I waited until Ethan left for a sit-down with the Russians.

Once the house was silent, I pulled a burner phone from the lining of my purse.

Ethan had searched my bag, of course, but he hadn't checked the lining.

He underestimated me.

He thought I was just a socialite who knew how to host galas and smile for the cameras.

He forgot my father was a Capo.

I knew the life. I knew the tradecraft.

I dialed a number I had memorized ten years ago.

It rang twice.

"I need a cleaning," I said.

The voice on the other end was distorted, mechanical.

"Color?"

"Red," I said. "Total erasure."

"Location?"

"The Estate. Service entrance. Midnight."

Click.

I hung up and crushed the phone under the heel of my good shoe.

I didn't pack a bag.

Bags were heavy.

Bags implied you were going somewhere specific.

Bags were evidence.

I was going nowhere.

I was becoming a ghost.

I limped to the safe in the closet and took the cash I had been skimming from the household accounts for years.

Just in case.

Suddenly, I heard the front gate open.

Tires crunched on the gravel.

My heart hammered against my broken ribs, a painful, erratic rhythm.

Ethan was back early.

I shoved the cash into my bra and scrambled back to the bed.
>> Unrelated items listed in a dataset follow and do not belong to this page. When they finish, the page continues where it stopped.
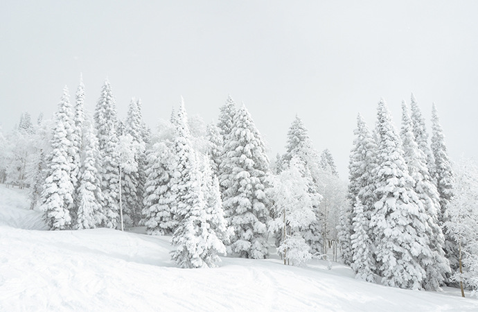 Peaceful nature shot of a silent, snow-covered hillside.
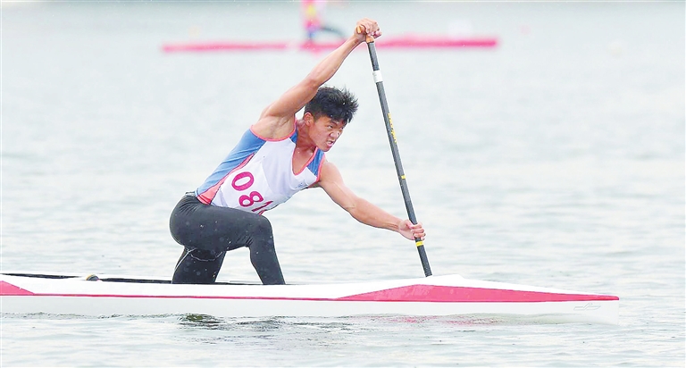 9时30分,社会俱乐部组男子1000米单人划艇比赛鸣金开锣。处于第四道的左有民一改前天5公里单人划艇赛仅获第四名的颓势,起航阶段奋力划桨,一举奠定优势,在途中、加速中按照教练赛前战术部署,合理分配体能。最后250米,左有民释放全部能量,将领先优势扩大至一个身位以上。
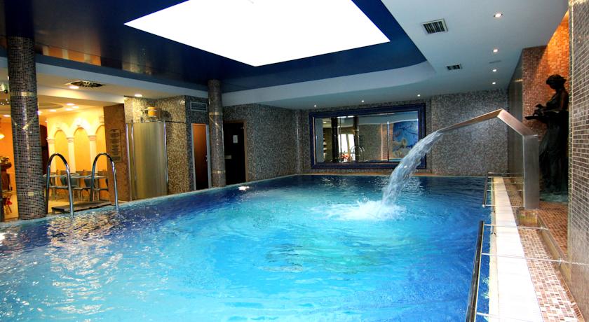 Закрытый бассейн с противотоком и массажными струями, размером (10м×5м×1,2м). Бассейн открыт с 08:00 до 20:00 часов,для гостей отеля бесплатно. Сауну и мокрую сауну Вы можете посещать в удобное для Вас время. Также предлагаем Вам посетить процедуры по уходу лица и тела. В фито-баре бальнеоцентра Вы можете выпить свежевыжатый сок, различные травяные чаи, витаминные коктейли, бодрящий кофе и какао.
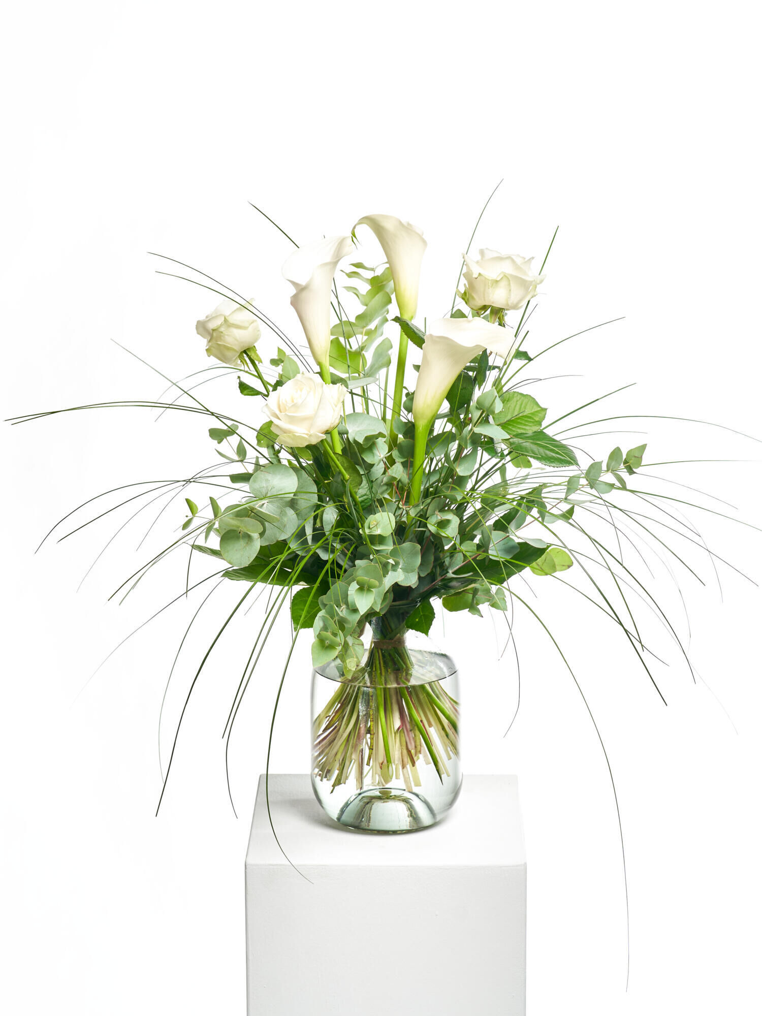 Offen gebundener Strauß in Weiß mit Calla und Rosen. Als Beiwerk werden Eukalyptus, Aralie und Bärgras verwendet.
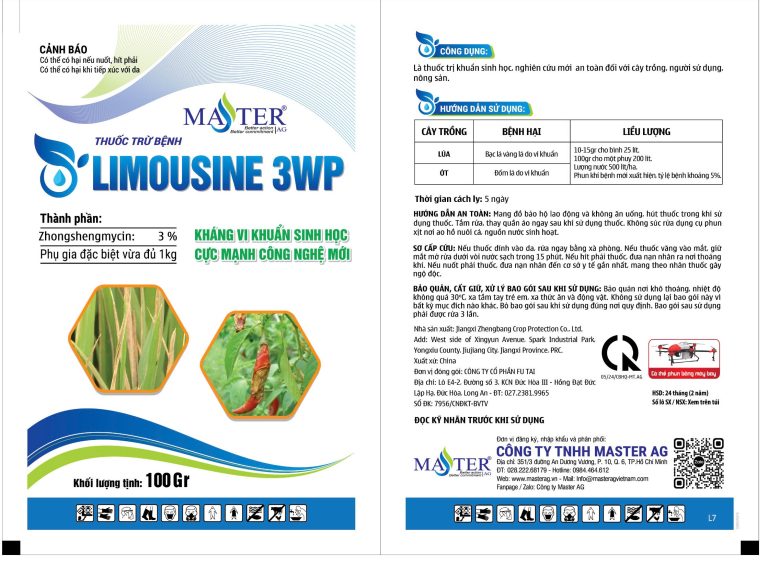 THÀNH PHẦN: Zhongshengmycin: 3% w/w Additives: Vừa đủ 100% w/w HƯỚNG DẪN SỬ DỤNG CÂY TRỒNG: Lúa, ớt, cây trồng khác BỆNH HẠI: – Bạc lá vàng là do vi khuẩn – Đốm là do vi khuẩn – Vi khuẩn, héo xanh, chết cây con LIỀU LƯỢNG 100gr cho 100-200 lít. Lượng nước 500 lít/ha. Phun khi bệnh mới xuất hiện, tỷ lệ bệnh khoảng 5%. – Thời gian cách ly: 5 ngày. HƯỚNG DẪN AN TOÀN CHUNG: ĐỂ XA TẦM VỚI CỦA TRẺ EM. ĐỌC KỸ NHÃN THUỐC TRƯỚC KHI DÙNG. KHÔNG hút thuốc, ăn hoặc uống trong khi sử dụng sản phẩm này. KHI TIẾP XÚC HOẶC CHUẨN BỊ THUỐC: TRÁNH: Hít phải thuốc, để thuốc tiếp xúc với miệng, da và mắt. MANG: Bảo hộ lao động phù hợp. NẾU BỊ DÍNH THUỐC: Ngay lập tức cởi quần áo bị dính thuốc hoặc bắn nhiều thuốc. Rửa kỳ phần bị dính thuốc bằng nhiều nước sạch. SAU KHI SỬ DỤNG: Rửa chân tay và tắm rửa. Rửa sạch trang bị bảo hộ lao động. CẤT GIỮ, SỬ DỤNG VÀ XỬ LÝ BAO GÓI SAU SỬ DỤNG Giữ kín trong bao gói gốc được dân nhân. KHÔNG sử dụng lại bao gói này vì bất kỳ mục đích nào khác. Để bao gói ở nơi an toàn, tránh xa thức ăn, trẻ em và động vật. Bao bì gói sau sử dụng đúng nơi quy định. Bao gói sau sử dụng phải được rửa 3 lần. SƠ CẤP CỨU Thuốc dính vào mắt phải rửa nước sạch ít nhất 15 phút. Nếu nuốt phải thuốc phải đưa ngay bệnh nhân tới bệnh viện gần nhất, kèm theo nhãn thuốc để bác sĩ điều trị theo triệu chứng. THÔNG TIN SẢN XUẤT Nhà sản xuất: Jiangxi Zhengbang Crop Protection Co., Ltd. Add: West side of Xingyun Avenue, Spark Industrial Park, Yongxiu County, Jiujiang City, Jiangxi Province, China. Đơn vị đóng gói: Công ty Cổ Phần Vật Tư Tây Đô Long An. SDK: 7956/CNDKT-BVTV HSD: 2 năm – Ngày SX/ Số lô SX: Xem trên bao bì sản phẩm. Đăng ký nhập khẩu và cung ứng: CÔNG TY TNHH MASTER AG Địa Chỉ: 351/3 An Dương Vương, P. 10, Quận 6, TP. HCM Điện thoại: 028.2226.8179 Fax: 028.3755.8479 05/23/CBHQ-MT.AG
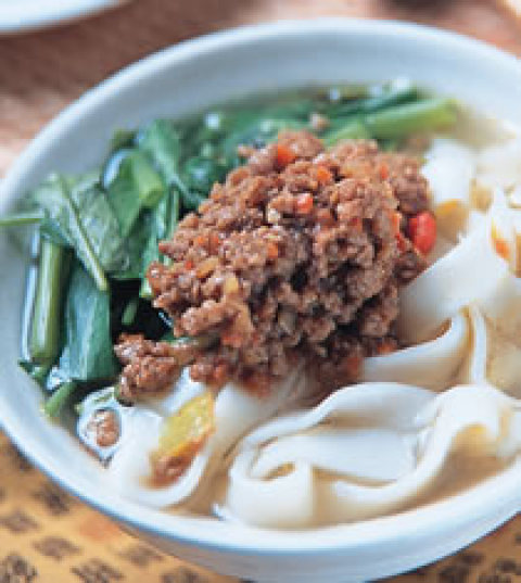 猪肉末200克,宜宾芽菜半包,40克,郫县豆瓣2汤匙,植物油4汤匙,新鲜切面200克,豆苗100克,葱2根,酱油1汤匙,红油2汤匙,味精1/3茶匙,清水800毫升
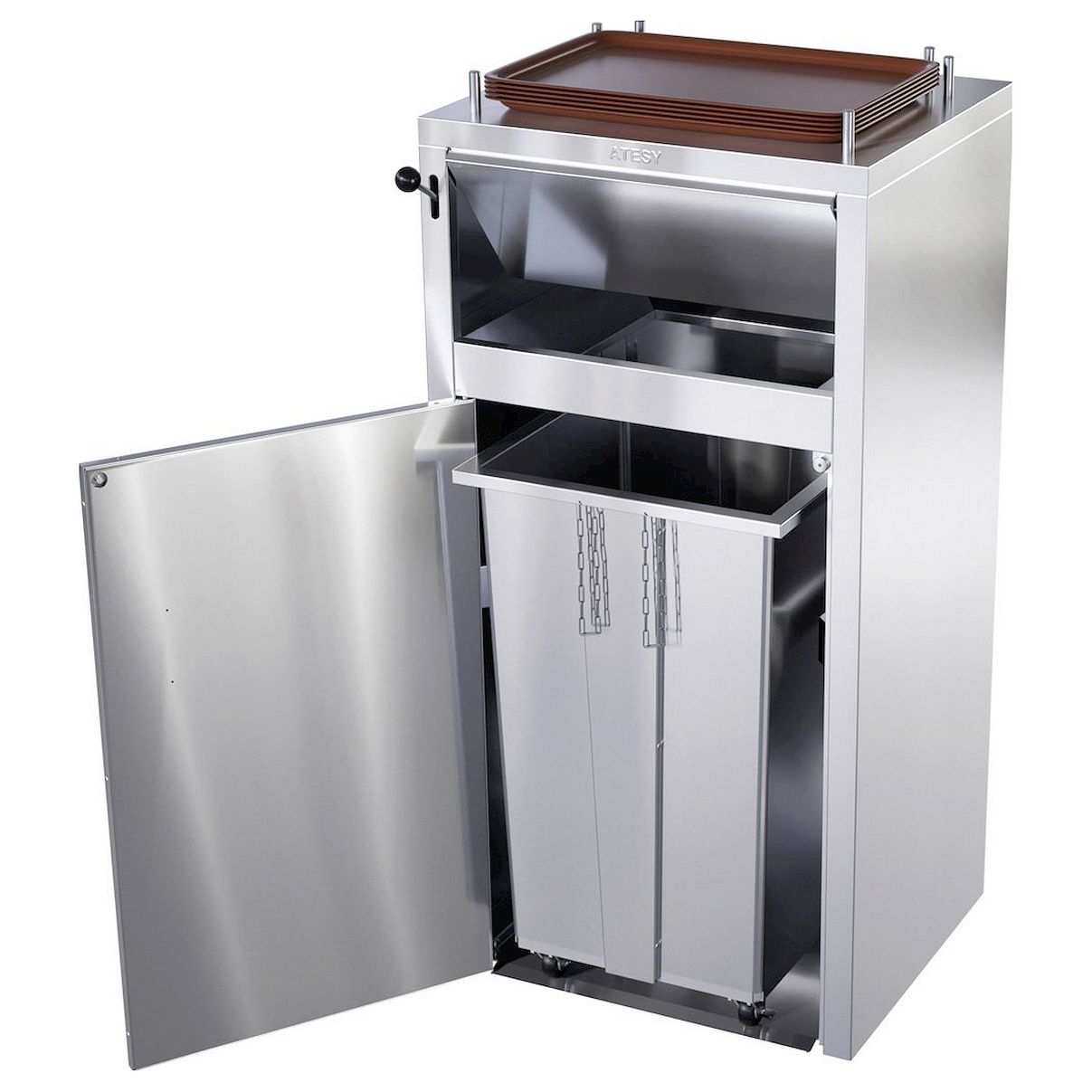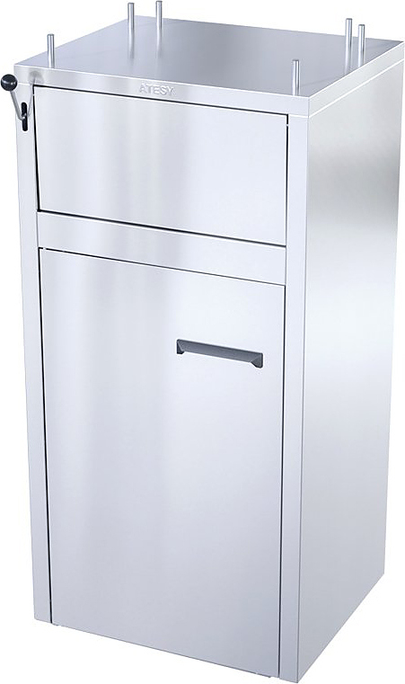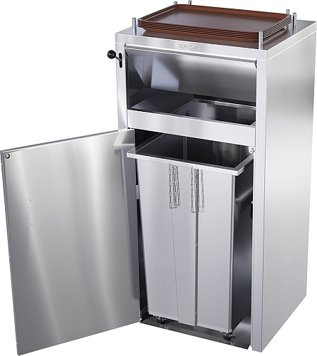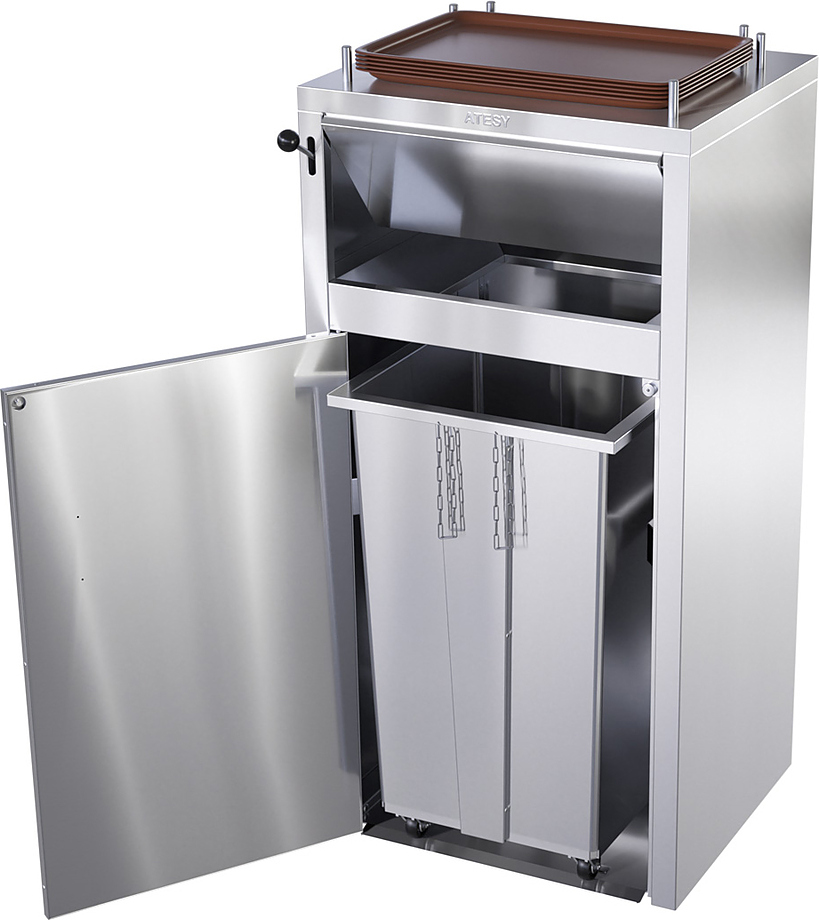 Станция сбора отходов Atesy ССО-180-Р-01 предназначен для сбора мусора, одноразовой посуды и других отходов в фастфудах. Изделие состоит из тумбы и служащей мусороприемником внутренней емкости на колесах, используемой совместно с мешком для мусора. Тумба станции и емкость для мусора изготавливаются из шлифованной легированной стали.
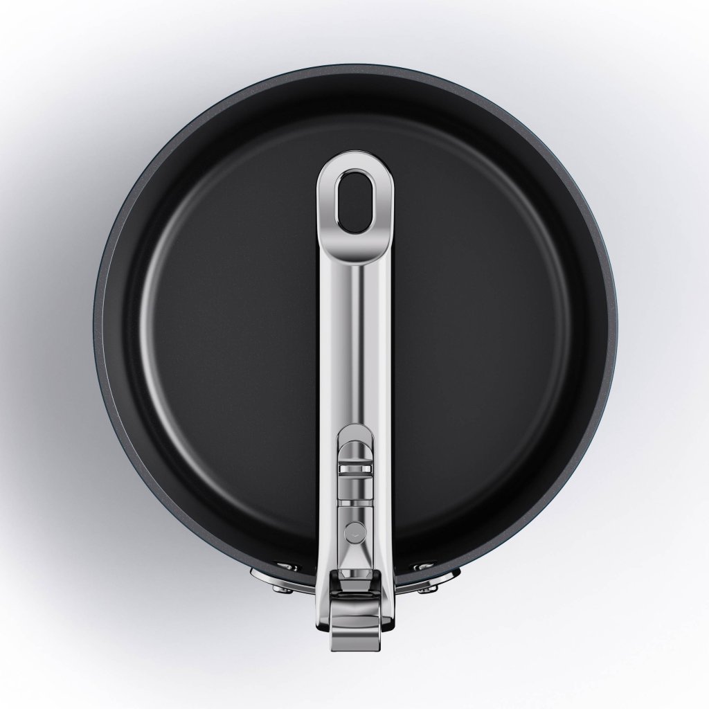 - Dankzij het vouwmechanisme kan de steelpan eenvoudig met ander keukengerei worden gestapeld, waardoor een overzichtelijke en compacte opbergruimte in keukenkasten ontstaat.
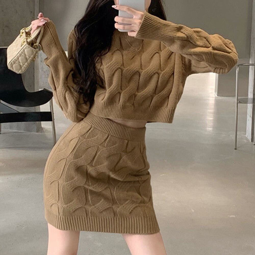 韓国上下2点セット ケーブルニット クルーネックニットセーター クロップド丈 大人可愛い ハイウエストタイトスカート秋冬
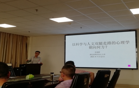 (通讯员 胡志琴)2021年7月12日下午在东校区文科大楼905会议室,中国科公司心理研究所研究员、博士生导师张建新教授莅临公司作题为“以科学和人文双腿走路的心理学朝向何方”的学术报告。报告会由太阳成集团tyc122cc副经理熊猛老师主持,副经理张艳红、朱晓伟老师、严磊老师、连帅磊老师、陈方老师、郑红涛老师、研究生及本科生代表参与了此次学术报告。
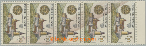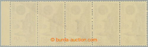 Philately. Pof.2545 production flaw, Krivoklat 50h, vertical upper marginal strip-of-5, on all stamps significant wide oblique smudge brown printing color; interesting and very decorative (Image) (Image2)
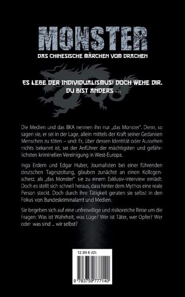 Die Medien und das BKA nennen ihn nur "das Monster". Denn, so sagen sie, er sei in der Lage, allein mittels der Kraft seiner Gedanken Menschen zu töten - und: Er, über dessen Identität oder Aussehen nichts bekannt ist, sei der Anführer der mächtigsten und gefährlichsten kriminellen Vereinigung in West-Europa. Inga Erdem und Edgar Huber, Journalisten bei einer führenden deutschen Tageszeitung, glauben zunächst an einen Kollegenscherz, als das "Monster", sie zu einem Exklusiv-Interview einlädt. Doch es stellt sich schnell heraus, dass hinter dem Mythos eine reale Person steckt. Doch durch ihre Tätigkeit geraten sie selbst in den Fokus von Bundeskriminalamt und Medien. Sie begeben sich auf eine unfreiwillige und risikoreiche Reise um die Fragen: Was ist Wahrheit, was Lüge? Wer ist Täter, wer Opfer? Wer oder was sind ... wir selbst?

I sat on the edge, feigning sleep, forcing my breathing to slow.

The door opened.

Ethan walked in.

He wore his exhaustion like a heavy coat.

There were dark circles bruising the skin under his eyes.

He smelled of cigar smoke and whiskey.

"Rory?" he whispered.

I didn't move.

He sat on the edge of the bed.

The mattress dipped under his weight.

"I'm sorry," he said to the air.

It was a whisper, barely audible.

"I know it's hard. I know she's difficult. But I promise, after the Gala next week, I'm sending her to a facility in Switzerland. Just hold on a little longer."

Lies.

He had promised Switzerland last year.

And the year before.

Then, his phone buzzed.

He sighed and pulled it out.

"Ilene?"

His posture stiffened instantly.

"What? Slow down. What pills?"

He stood up, panic flooding his voice.

"I'm coming. Don't close your eyes. I'm five minutes away."

He hung up.

He looked at me.

He hesitated.

For a second, I thought he might stay.

I thought he might realize that his wife was broken in his bed, plotting her escape.

But the hook was too deep.

He turned and ran out of the room.

I heard his footsteps fade down the hall.

I heard the front door slam.

I heard the engine roar to life.

I opened my eyes.

The room was dark.

He had left the gate open.

He was so desperate to save her, he forgot to lock me in.

This was it.

I stood up.

I grabbed my crutches.

I didn't look back at the room where we had conceived a child I lost.

I didn't look back at the life I was leaving.

I walked out into the night.

The service gate was gaping open.

A black sedan idled in the shadows.

No lights.

I opened the back door and slid inside.

"Drive," I told the driver.

"Where to?" he asked.

"Hell," I said, staring out at the darkness. "Just get me out of this one."